Implement IMPROVE benchmark data
-------------------------------------
To use IMPROVE benchmark data, functions to load the data are provided.

- Download benchmark dataset. This should be in the input folder for preprocess

- Decide which dataset and split you would like to use and list these in the config file. The available datasets and splits are detailed here: :doc:`app_drp_benchmark`. These should be set with the following parameters in the default config in the :code:`[Preprocess]` section: :code:`train_split_file`, :code:`val_split_file`, and :code:`test_split_file`. For example, to use CCLE split #0 add the following to the default config file:

  .. code-block::

    [Preprocess]
    train_split_file = CCLE_split_0_train.txt
    val_split_file = CCLE_split_0_val.txt
    test_split_file = CCLE_split_0_test.txt

- Set the appropriate parameters for the feature types your would like to use. See here for available parameters. 
  See here for details on feature types. This should be the name of the file in the benchmark dataset.
  Alternately, a path to another file can be provided. See here for how to format these files correctly. The available features are detailed here: :doc:`app_drp_benchmark`.

  .. code-block::

    [Preprocess]
    cell_transcriptomics_file = cancer_gene_expression.tsv

- Load the features with :doc:`api_utils_get_x_data` like so:

  .. code-block::

    omics = drp.get_x_data(file = params['cell_transcriptomic_file'], 
                                        benchmark_dir = params['input_dir'], 
                                        column_name = params['canc_col_name'])

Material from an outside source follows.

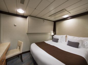 Všechny kajuty jsou příjemně zařízené, mají koupelnu se sprchou a WC, dostatek úložných prostor, 2 lůžka (někdy možnost přistýlek), toaletku se zrcadlem a fénem, TV, klimatizaci a trezor.

  Ensure that the column name is set to the correct parameter for your feature type and application. 
  The column name parameter names for each application can be found here: :doc:`api_preprocess`.

- Determine the transformations on the training set.

- Preprocess the train, val, and test datasets.

- Save the ML data.

- Save the y data.

- Create three objects to load the response data for the three different splits:

  .. code-block::

    response_train = drp.DrugResponseLoader(params, split_file=params["train_split_file"], verbose=False).dfs["response.tsv"]
    response_val = drp.DrugResponseLoader(params, split_file=params["val_split_file"], verbose=False).dfs["response.tsv"]
    response_test = drp.DrugResponseLoader(params, split_file=params["test_split_file"], verbose=False).dfs["response.tsv"]


- Preprocess the data and save in :code:`output_dir`. The implementation of this will depend on your specfic model. Keep in mind that the drug and omics loader provide features for all drugs and cell lines in the benchmark dataset.


If your model uses Supplemental Data
^^^^^^^^^^^^^^^^^^^^^^^^^^^^^^^^^^^^^

There should be a shell script that downloads the data in the repo. Use :code:`input_supp_data_dir` to set the path to this directory.